» **The task**
The output must contain exactly the lines from the top of the listing below through the line containing "4月16日下午15点,在文渊", and no pictures.

» **Input data**
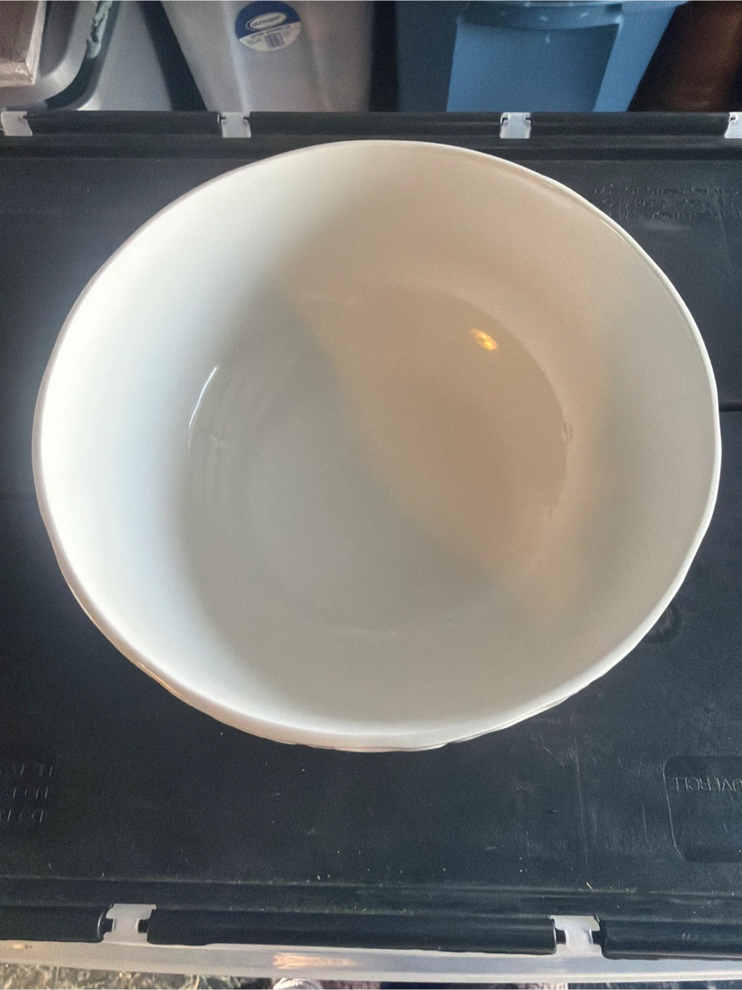 This is a white ceramic serving bowl from Gibson. It's dishwasher, microwave, and oven safe. It's a versatile bowl for serving meals.
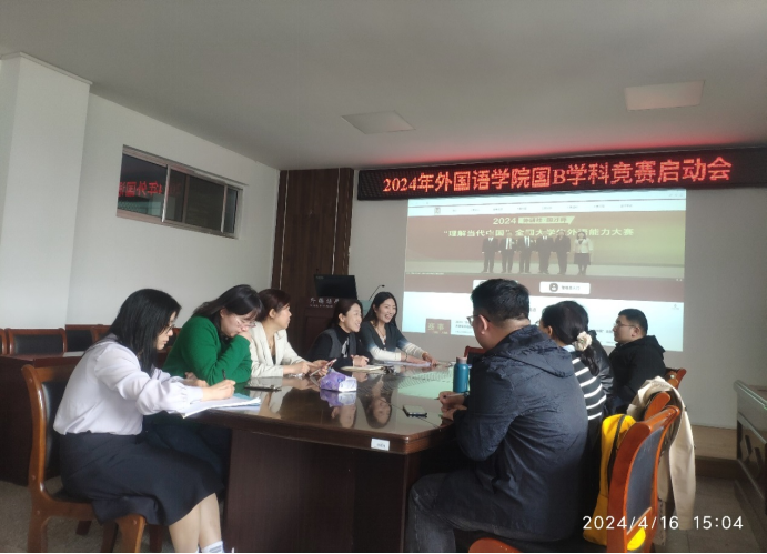 4月16日下午15点,在文渊楼269会议室召开了2024年外国语学院国B学科竞赛启动会。外国语学院国B类学科竞赛负责人李传玲、周黎、王晓红、李平以及英、日、俄、朝鲜语的系主任及负责人刘娟、张勇、朴正实和靳俊杰等老师参加了会议。会议由副院长严红花主持。
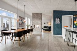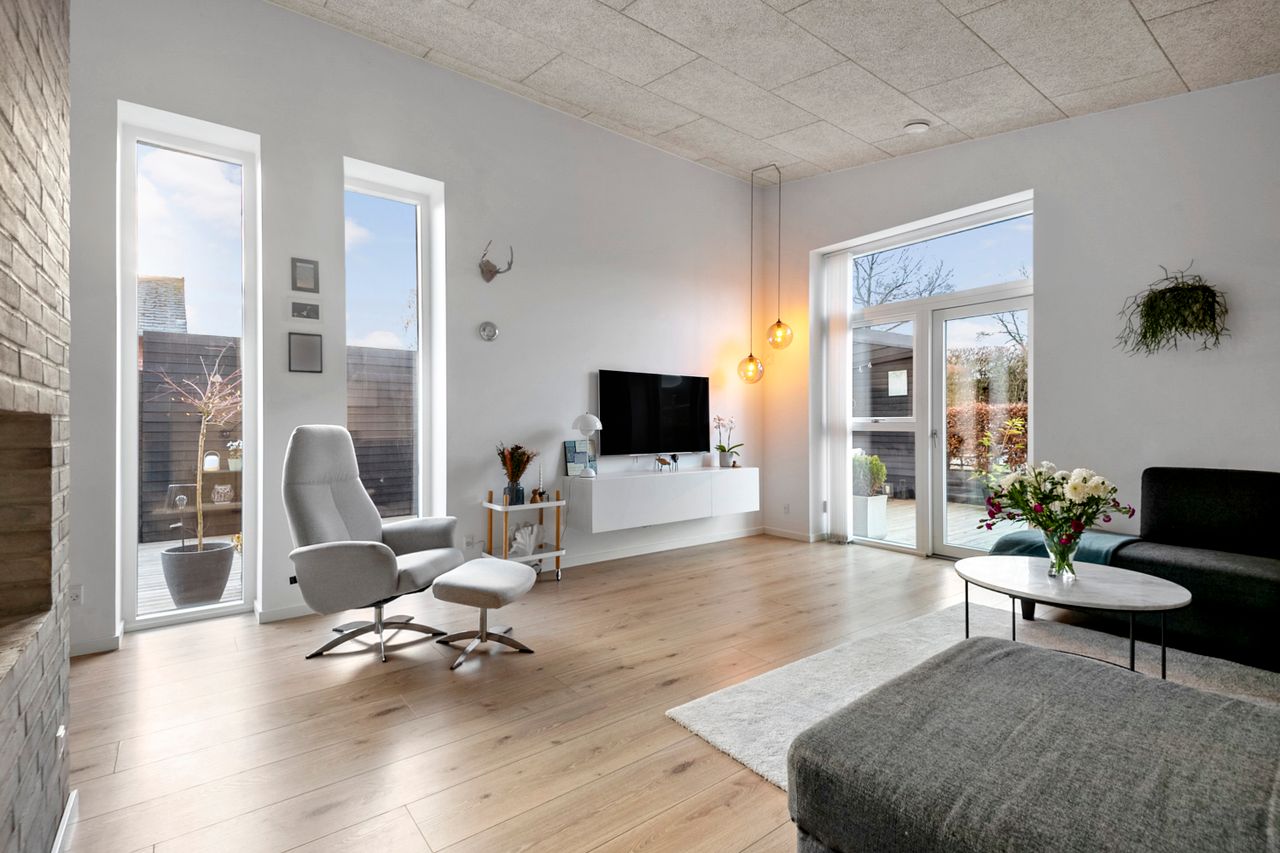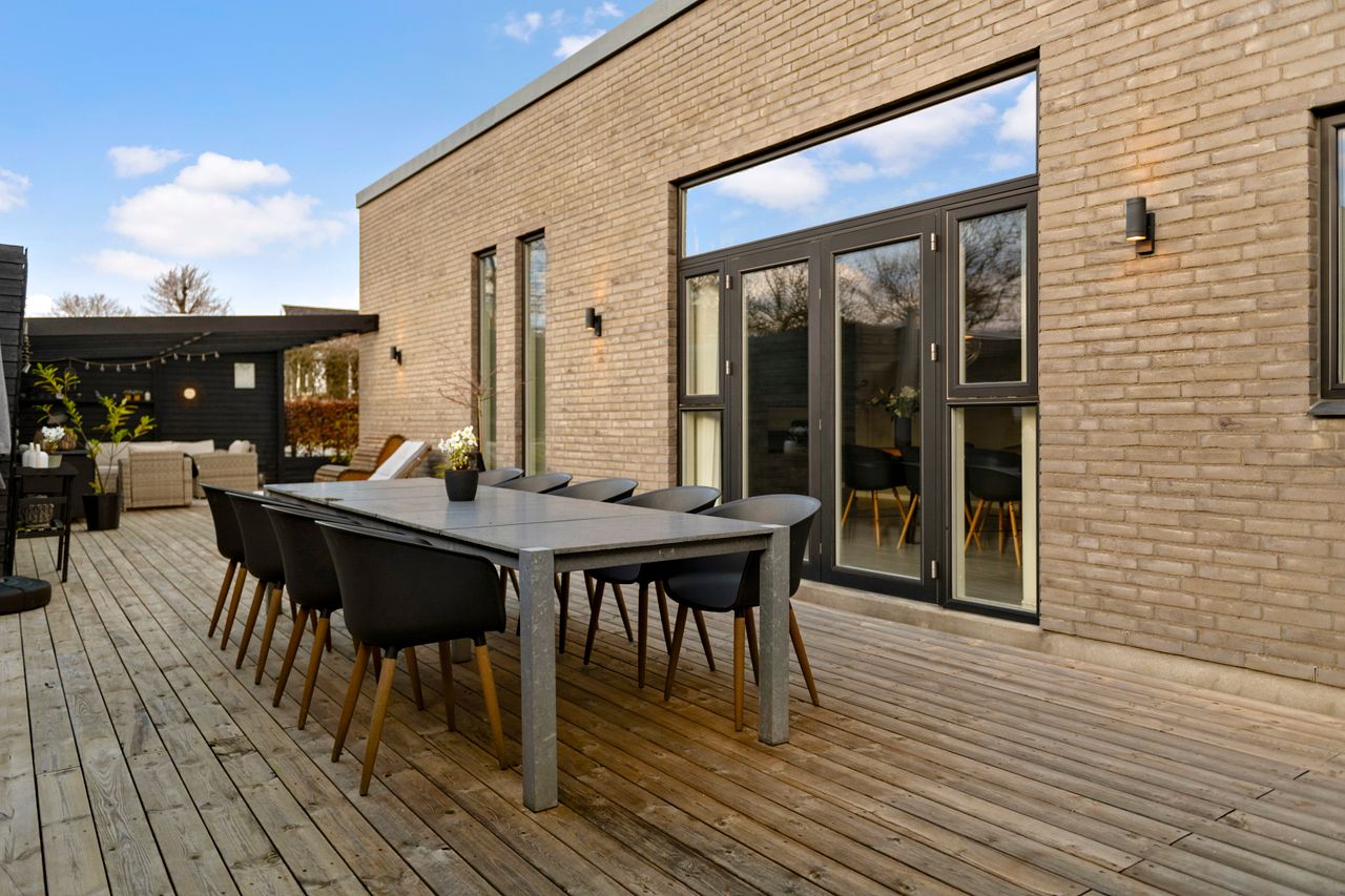 Villaen rummer 184 m2 og er opført med integreret garage, gulvvarme i hele huset samt genvex-anlæg, der sikrer et behageligt indeklima året rundt. Boligens hjerte er det lyse køkken, som ligger i åben forbindelse med den rummelige spiseplads. Herfra er der udgang til den store, lækre træterrasse og den solvendte have, som indbyder til hyggelige stunder udendørs. Spisepladsen har samtidig åben adgang til den hyggelige stue, som er smukt opdelt af en stemningsfuld biopejs.
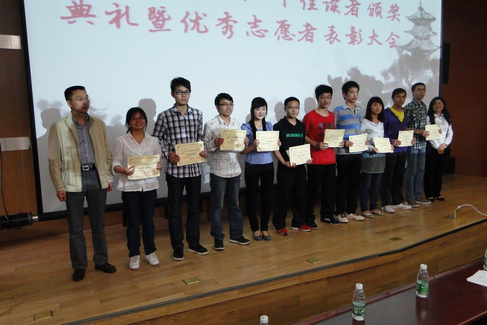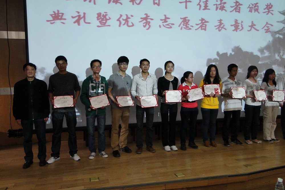 4月23日下午,bv伟德国际体育官方网站“4.23世界读书日”活动暨十佳读者、优秀志愿者颁奖仪式在图书馆二楼报告厅如期举行。校团委书记蒋志勇,图书馆馆长吕先竞,副馆长彭国莉、郑邦坤出席了颁奖仪式。 首先,吕先竞馆长为颁奖仪式致辞。他谈到:“‘为学之道,莫先于穷理;穷理之要,必在于读书’,今年的读书日对于我们来说有着特别的意义,因为这是第一次在新图书馆迎来世界读书日。”同时,他希望今后有更多的老师和同学到图书馆来,涌现出更多的“十佳读者”。接下来,吕馆长向图书馆优秀志愿者表示了感谢。他说,新馆的顺利搬迁和准时开馆,离不开所有志愿者同学的辛勤工作和付出。最后,他引用人文学院纪国泰教授为图书馆撰写的一幅对联与大家共勉:“读书好 读好书 好读书时好好读书 书易读 读好不易;做人好 做好人 好做人处好好做人 人难做 做好不难 ”。 接下来,校团委、图书馆的领导分别为“十佳读者”李晓晓、甘传检等同学,图书馆“优秀志愿者”代表滕莉、母陈等同学颁发获奖证书和礼品。 “十佳读者”代表、机械工程与自动化学院2011级研究生李晓晓同学代表获奖同学发言。他在发言中向大家谈到了多读书的好处,也和大家分享了他读书、学习的许多有益经验。“书是人类进步的阶梯”,看一本好书就像在和一个高尚的人谈话。书在每个地方,每个时代都有着重要的地位,包含着无穷无尽的知识,它像一束阳光,一帧风景,不仅可以提高我们的生活情趣,而且使生活变得更加丰富多彩。通过读书丰富知识,增长见识,让生活过得更充实,更有意义。 图书馆“优秀志愿者”滕莉同学作为代表发言。她回忆了和大家一起从图书馆搬馆到新馆开馆的艰苦岁月,她表示,对于这一段经历,大家都认为非常难忘,很有意义,因为图书馆的每一本书都留下了他们的痕迹。她希望志愿者同学们能够继续做好服务工作,守护好图书馆。 通过读书月系列活动的举办,意在激发全校师生的读书热情,营造积极向上、清新高雅的校园文化氛围,引导大家养成良好的阅读习惯,提高人文素养,提升阅读品味,让同学们在读书中感受学习的快乐。 附十佳读者名单:
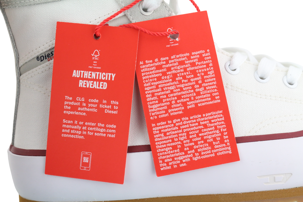 DIESEL S-Principia Mid vyriški sportbačiai, EU43, balti, aukštakulniai, nėriniuoti, rekomenduojama kaina – 185 €
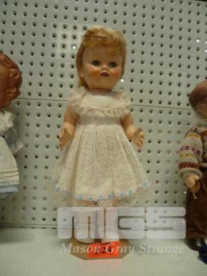 PEDIGREE CELLULOID BABY DOLL ON DISPLAY STAND WITH FLORAL & LACE DRESS & RED SHOES, SLEEPING EYES, MOVING LIMBS & BLONDE HAIR
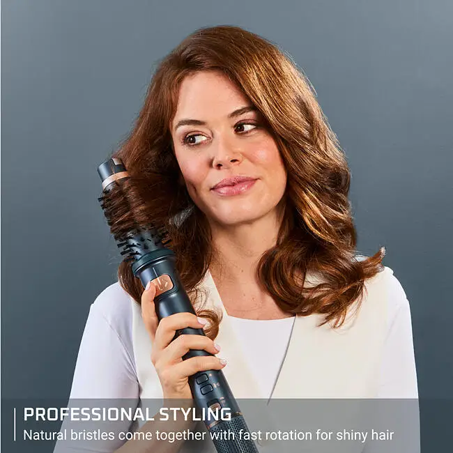 Rowenta Air Rotate UB9920E0 rotirajuća četka na vrući zrak omogućava profesionalni volumen i sjaj kao iz salona, uz dugotrajne rezultate. Zahvaljujući brzoj rotaciji, snažnom protoku zraka i ionskoj tehnologiji, kosa ostaje glatka, bez kovrčanja i oštećenja.
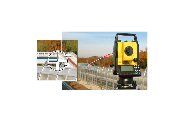 ノンプリズム測距約200m。立ち入りが困難な場所や交通量が多い場所など、直接プリズムを設置できない状況でも測定可能。例えば現況測量において、建物の高さの測定や隣接建物の測定等、測点位置まで行かなくても測定が可能です。
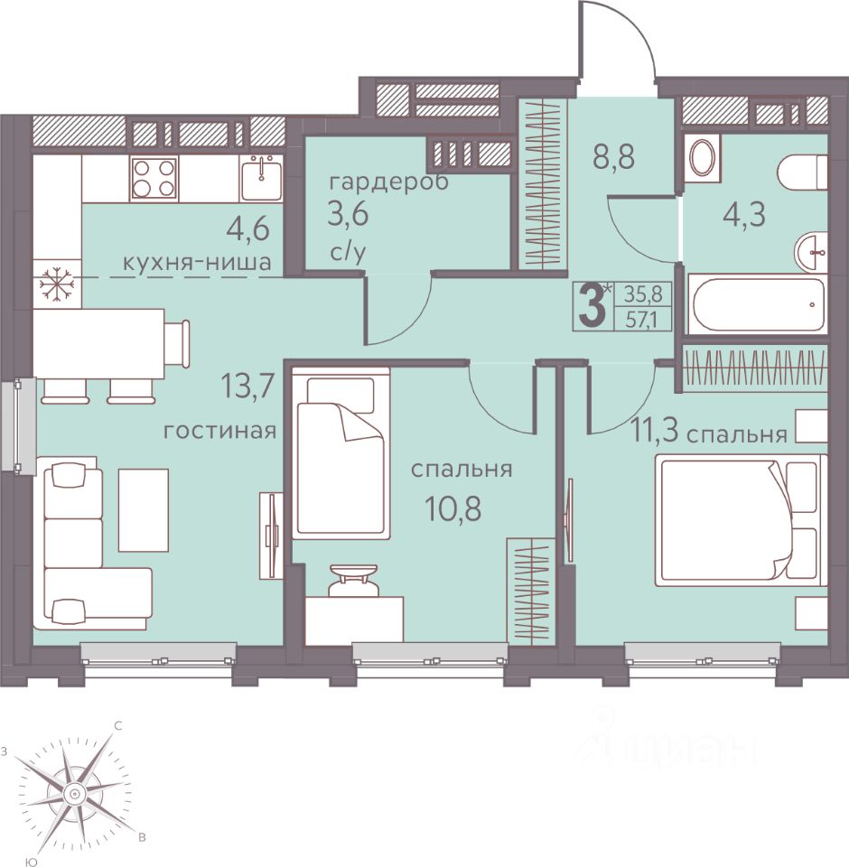 Продаётся студия в строящемся доме (Серебристая, 5), срок сдачи: I-кв. 2026, общей площадью 57.1 кв.м., на 14 этаже. Теплые кварталы ''Погода'' — это новый грандиозный проект от создателя Спортивного микрорайона ''Ива'', федерального застройщика ''Девелопмент-Юг'' .

» **Written response**
 This is a white ceramic serving bowl from Gibson. It's dishwasher, microwave, and oven safe. It's a versatile bowl for serving meals.
 4月16日下午15点,在文渊楼269会议室召开了2024年外国语学院国B学科竞赛启动会。外国语学院国B类学科竞赛负责人李传玲、周黎、王晓红、李平以及英、日、俄、朝鲜语的系主任及负责人刘娟、张勇、朴正实和靳俊杰等老师参加了会议。会议由副院长严红花主持。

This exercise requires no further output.